12.11.2017 UPDATE: 13.11.2017 06:00 Uhr 1 Minute, 59 Sekunden

Die Opfer des unmenschlichen Euthanasie-Programms der Nationalsozialisten standen im Mittelpunkt der Gedenkfeier zur Reichspogromnacht auf dem Mosbacher Synagogenplatz. Foto: Pia Geimer

Von Pia Geimer

Mosbach. Im Mittelpunkt der diesjährigen Gedenkfeier anlässlich der schändlichen Pogromnacht am 9. November 1938 standen die fünf jüdischen Bewohnerinnen und Bewohner der Johannes-Diakonie, die im September 1940 zusammen mit weiteren 213 Bewohnern Opfer des unmenschlichen Euthanasie-Programms der Nationalsozialisten wurden.

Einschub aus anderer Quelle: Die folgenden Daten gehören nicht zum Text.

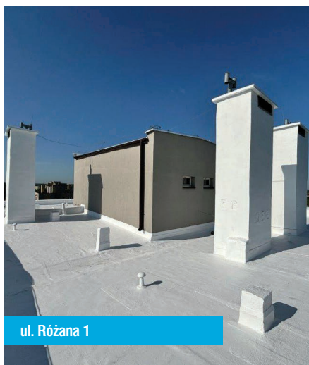
ul. Różana 1

Podczas posiedzeń w czerwcu i lipcu 2024r. Rada Osiedla omówiła przebieg Walnego Zgromadzenia ChSM. Omówiono także sprawy związane z konkursem na najładniejszy balkon i ogródek przydomowy. Dokonano analizy realizacji planu remontów administracji za I półrocze 2024r. Rozpatrywano sprawy bieżące i wniesione przez mieszkańców osiedla.
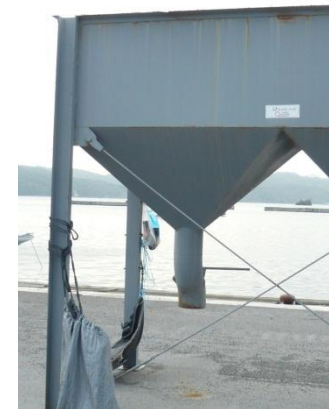
【GNJP : グッドネーバーズ・ジャパン】 岩手県上閉伊郡大槌町漁協復興支援事業
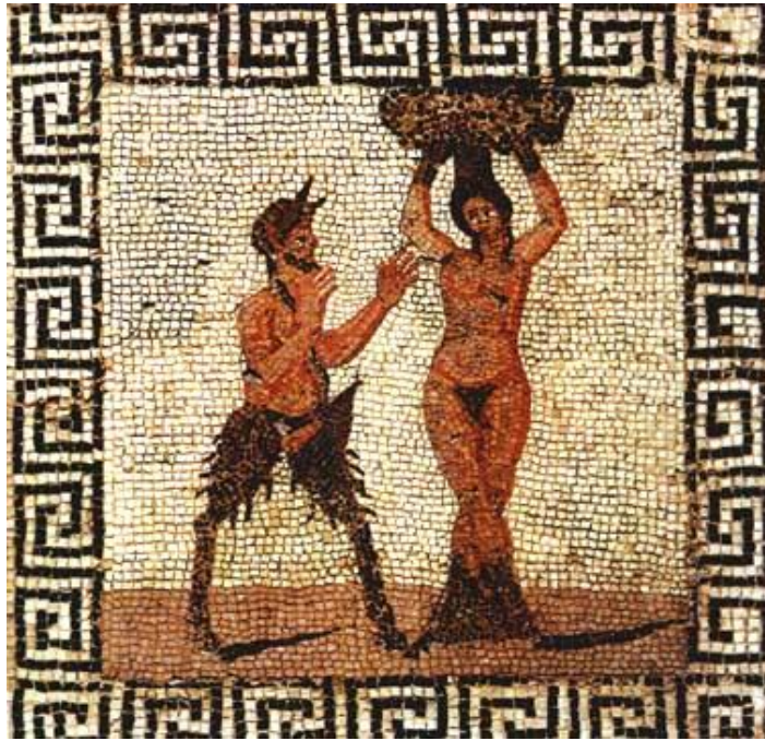
Pan a Hamadryada (grécka mozaika, Pompeje)

opus caementicium - murivo liate/ opus emplectum zo zmesi podobnej betónu , z kamenných úlomkov a malty ďalej pozri emplekton ; pozri Koloseum

Am Freitagabend fand unter Anteilnahme der Bevölkerung auf dem Synagogenplatz eine Feierstunde statt, die in diesem Jahr die Mosbacher Arbeitsgemeinschaft Christlicher Kirchen ausgerichtet hatte. Als Mitwirkende stellten Pfarrer Richard Lallathin, Ursula Ziegler, Ludwig Krämer und Martin Reiland abwechselnd die Lebensgeschichten der fünf ermordeten jüdischen Mitbürger vor, soweit man diese noch hatte rekonstruieren können. Die musikalische Gestaltung lag bei Peter Bechtold und seinen Musikern vom Singkreis der Johannes-Diakonie, Johann Scheffel und Roman Eustachi, die die Feier mit einem anrührenden "Kyrie, erbarm dich, Herr" eröffneten.

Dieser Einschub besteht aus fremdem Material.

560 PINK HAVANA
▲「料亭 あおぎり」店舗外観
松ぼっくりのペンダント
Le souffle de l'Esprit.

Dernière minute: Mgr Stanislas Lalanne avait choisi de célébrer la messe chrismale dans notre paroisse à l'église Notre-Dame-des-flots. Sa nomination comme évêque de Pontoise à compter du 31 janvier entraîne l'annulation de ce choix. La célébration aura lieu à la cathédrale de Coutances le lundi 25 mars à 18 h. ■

Eines der gewichtigsten Worte des Alten Testaments sei das hebräische Wort "zakar" - "erinnert euch, gedenkt!" -, erklärte Richard Lallathin in seiner Ansprache. Dieses Gedenken zum Beispiel an den Auszug aus der Knechtschaft in Ägypten, spielte im jüdischen Leben immer eine wichtige Rolle und gab Hoffnung an den schwärzesten Tiefpunkten in der Geschichte dieses Volkes, zu der auch die Verfolgung durch das Terrorregime der Nationalsozialisten gehörte.

In der Pogromnacht vor 79 Jahren brannte auch die Mosbacher Synagoge, das jüdische Leben in Mosbach endete am 22. Oktober 1940 mit der Deportation der letzten jüdischen Mitbürger ins Internierungslager Gurs in Südfrankreich.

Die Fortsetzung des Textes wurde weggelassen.